Verbatim authority
RULE 12.260
SURVIVOR; SUBSTITUTION OF PARTIES
(a) Death.
(1) If a party dies and the claim is not thereby
extinguished, the court may order substitution of the proper
parties. The motion for substitution may be made by any party or
by the successors or representatives of the deceased party and,
together with the notice of hearing, must be served on all parties as
provided in rule 12.080 and on persons not parties in the manner
provided for the service of a summons. If a party dies while a
proceeding is pending and that party’s rights survive, the court may
order the substitution of the proper party on its own motion or that
of any interested person.
(2) In the event of the death of one or more of the
petitioners or of one or more of the respondents in an action in
which the right sought to be enforced survives only to the surviving
petitioners or only against the surviving respondents, the action
does not abate. The death shall be suggested on the record and the
action proceeds in favor of or against the surviving parties.

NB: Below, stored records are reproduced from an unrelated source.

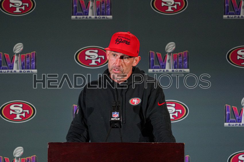 Henderson, Nevada, USA, February 8, 2024, 49ers head coach Kyle Shanahan during the Pre Super Bowl Press Conference (Photo Credit: Marty Jean-Louis)
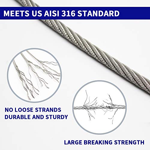 Le Prix Câble en acier inoxydable T316 de 300 m 1/8″ Câble métallique pour avion pour kit de garde-corps de câble de pont, construction 7 x 7 brins, balustrades de bricolage, livré avec un…
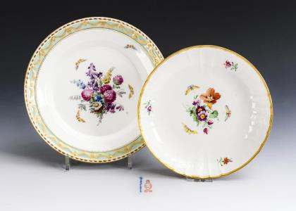 1x bowl model "Antikzierat". / 1x plate model "Kurländer pattern".

(b) Incapacity. If a party becomes incapacitated, the court
may allow the action to be continued by or against that person’s
representative.
(c) Transfer of Interest. In case of any transfer of interest,
the action may be continued by or against the original party, unless
the court upon motion directs the person to whom the interest is
transferred to be substituted in the action or joined with the
original party. Service of the motion must be made as provided in
subdivision (a).
(d) Public Officers; Death or Separation from Office.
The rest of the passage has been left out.